⟨

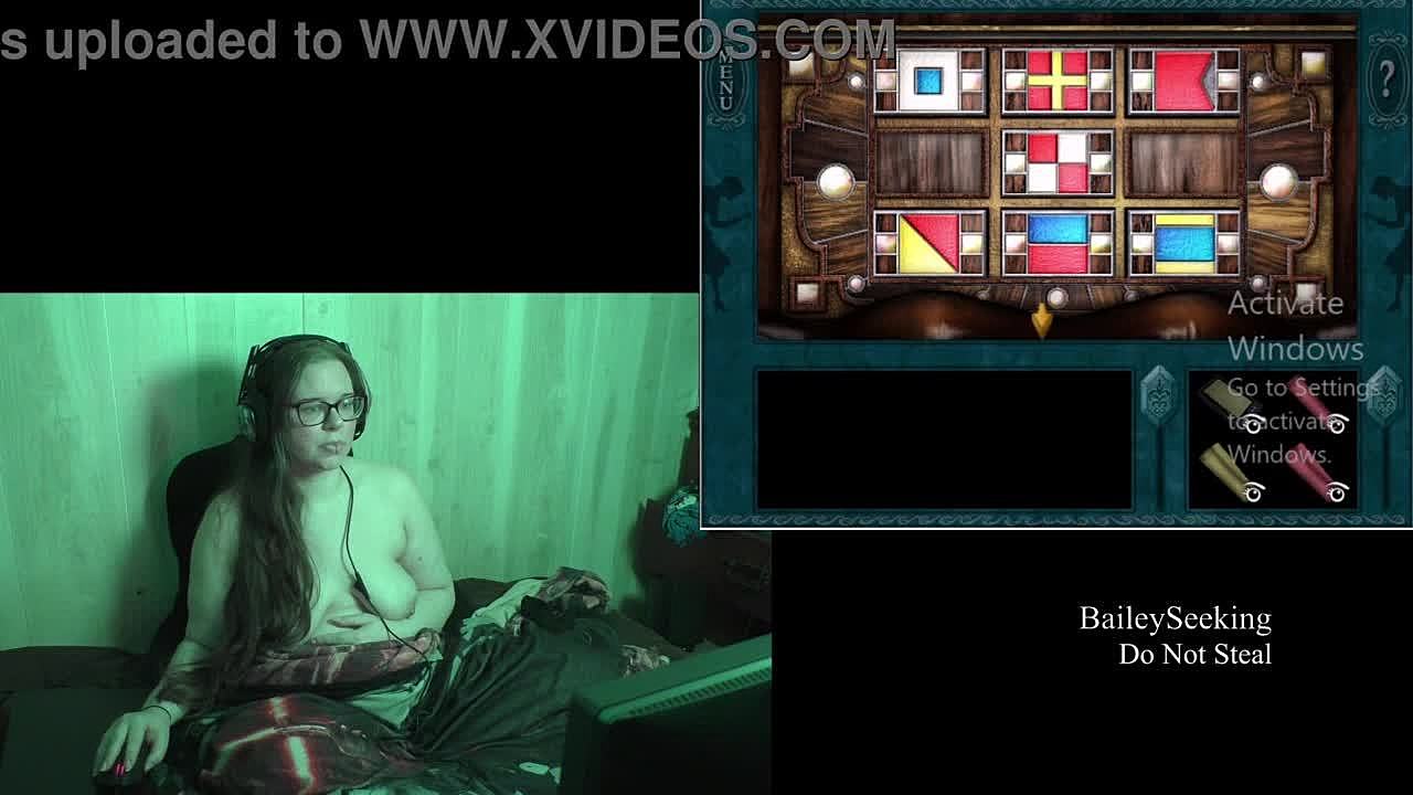 Naked brunette BBW plays Outlast with piercing and tattoos, wanna watch?
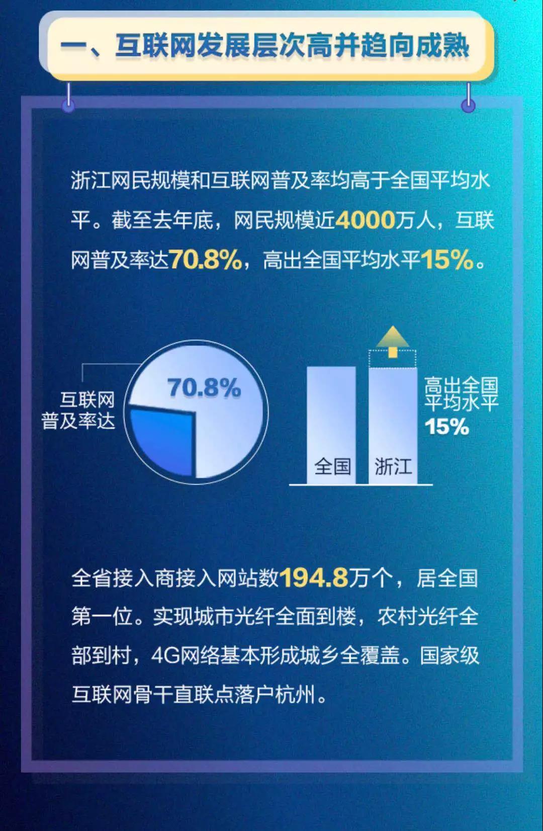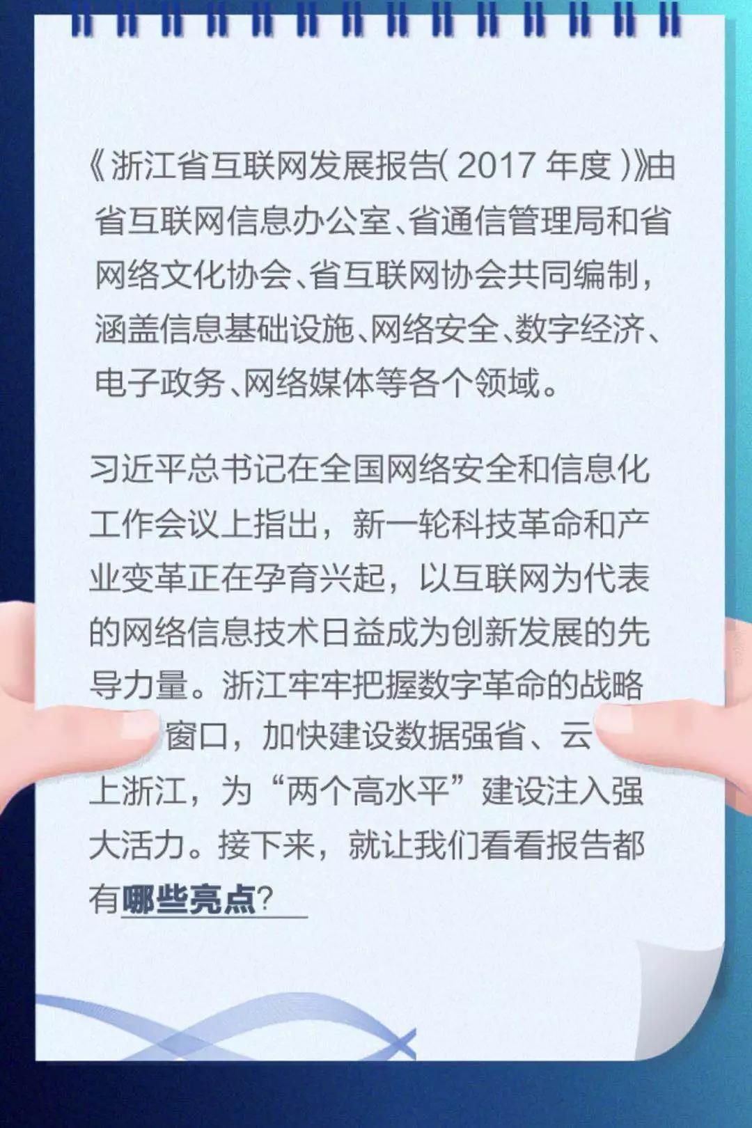 2017浙江省互联网发展报告 《报告》显示,截至2017年12月,浙江省网民规模达到3956万人,互联网普及率为70.8%,高出全国平均水平15%。其中,手机网民占全省网民总数的98.7%;杭州市网民数居各市之首,达到795.6万人。 更多阅读:2014年浙江省互联网发展报告浙江网信办:2019浙江省互联网发展报告云南省互联网协会:云南省互联网发展报告(2022)CNNIC:2013年度河北省互联网发展报告CNNIC:2011年四川省互联网发展状况统计报告中国互联网协会:2018中国互联网发展报告网宿科技:2012年Q2中国互联网发展报告网宿科技:2015年Q3中国互联网发展报告网宿科技:2013年Q3中国互联网发展报告2020浙江省互联网发展报告网宿 :2018中国互联网发展报告2018浙江省法院离婚纠纷司法大数据YouGov:全球31%的人认为会说普通话是一项重要资产银保监会:2019年中国普惠金融发展报告IDC:2022年Q3北美分销应收同比增长9.3%
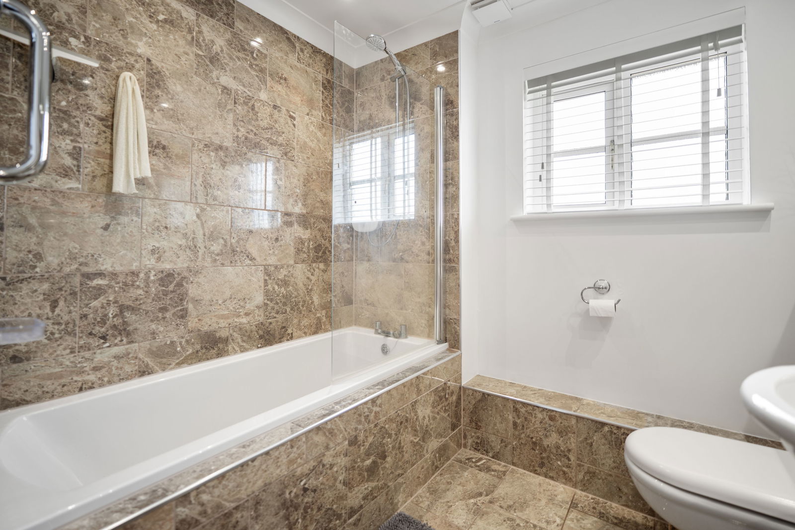 UPVC double glazed window to rear. Low flush w.c. Wash hand basin. Stainless steel towel rail. Bath with new shower over. Extractor fan. Modern tiled flooring.
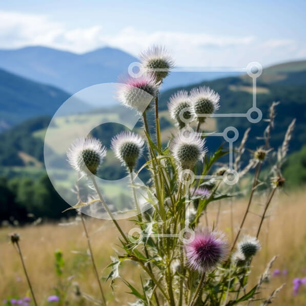 Intra Συλλεκτικό Ξύλινο Παζλ Plywood 4mm – Πεδίο με ψηλά χόρτα και γαϊδουράγκαθα με βουνά στο φόντο Σε Ξύλινο Κουτί – Διαστάσεις: 10×10 cm – 25 κομμάτια
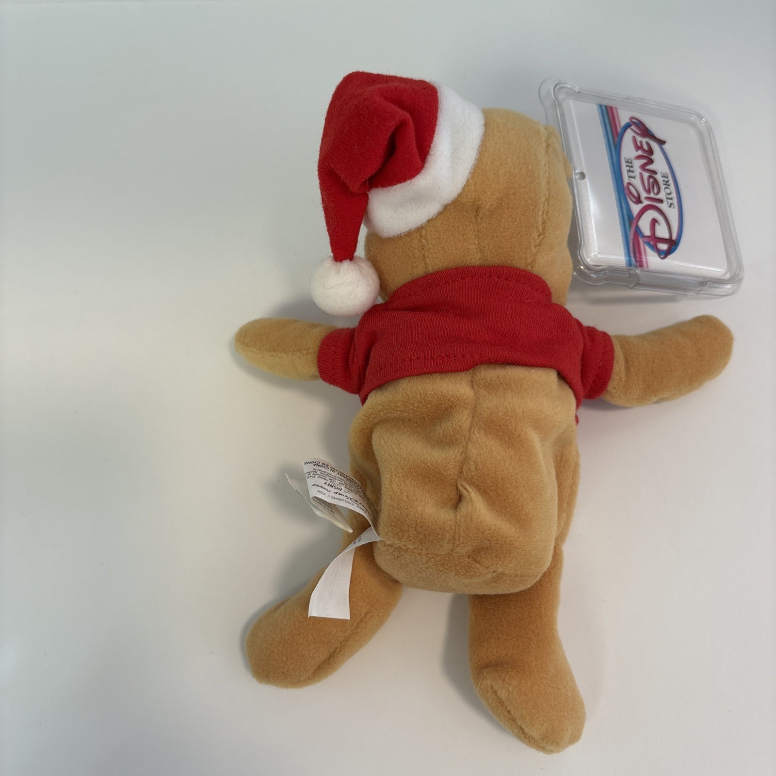 Disney Store Mini Bean Bag Plush Winnie The Pooh w Santa Hat 8 w Tags Christmas
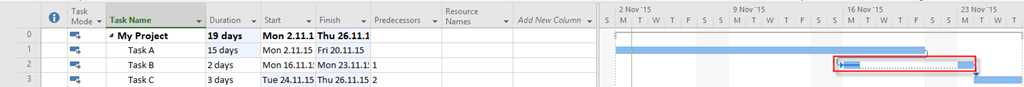 As you can see, Finish date of the Project is moved to Thursday 26.11.2015. BUT! 50% of previous finished Task 2 is not moved. And that make sense, because MS PROJECT is not supposed to move finished Tasks, or piece od partially Finished Tasks anywhere! If something is done, it is done! No matter of other Tasks! And as you can see the remaining part of Task B is rescheduled to the first working day after Task A is supposed to be finished. For example, if Task A has 12 days duration, the remaining part of Task B will start at Wednesday, 18.11.2015.

⟩

• Instructions for the task: Write the entries out again exactly as they appear, with the pictures omitted.

• Response box:
 Naked brunette BBW plays Outlast with piercing and tattoos, wanna watch?
 2017浙江省互联网发展报告 《报告》显示,截至2017年12月,浙江省网民规模达到3956万人,互联网普及率为70.8%,高出全国平均水平15%。其中,手机网民占全省网民总数的98.7%;杭州市网民数居各市之首,达到795.6万人。 更多阅读:2014年浙江省互联网发展报告浙江网信办:2019浙江省互联网发展报告云南省互联网协会:云南省互联网发展报告(2022)CNNIC:2013年度河北省互联网发展报告CNNIC:2011年四川省互联网发展状况统计报告中国互联网协会:2018中国互联网发展报告网宿科技:2012年Q2中国互联网发展报告网宿科技:2015年Q3中国互联网发展报告网宿科技:2013年Q3中国互联网发展报告2020浙江省互联网发展报告网宿 :2018中国互联网发展报告2018浙江省法院离婚纠纷司法大数据YouGov:全球31%的人认为会说普通话是一项重要资产银保监会:2019年中国普惠金融发展报告IDC:2022年Q3北美分销应收同比增长9.3%
 UPVC double glazed window to rear. Low flush w.c. Wash hand basin. Stainless steel towel rail. Bath with new shower over. Extractor fan. Modern tiled flooring.
 Intra Συλλεκτικό Ξύλινο Παζλ Plywood 4mm – Πεδίο με ψηλά χόρτα και γαϊδουράγκαθα με βουνά στο φόντο Σε Ξύλινο Κουτί – Διαστάσεις: 10×10 cm – 25 κομμάτια
 Disney Store Mini Bean Bag Plush Winnie The Pooh w Santa Hat 8 w Tags Christmas
 As you can see, Finish date of the Project is moved to Thursday 26.11.2015. BUT! 50% of previous finished Task 2 is not moved. And that make sense, because MS PROJECT is not supposed to move finished Tasks, or piece od partially Finished Tasks anywhere! If something is done, it is done! No matter of other Tasks! And as you can see the remaining part of Task B is rescheduled to the first working day after Task A is supposed to be finished. For example, if Task A has 12 days duration, the remaining part of Task B will start at Wednesday, 18.11.2015.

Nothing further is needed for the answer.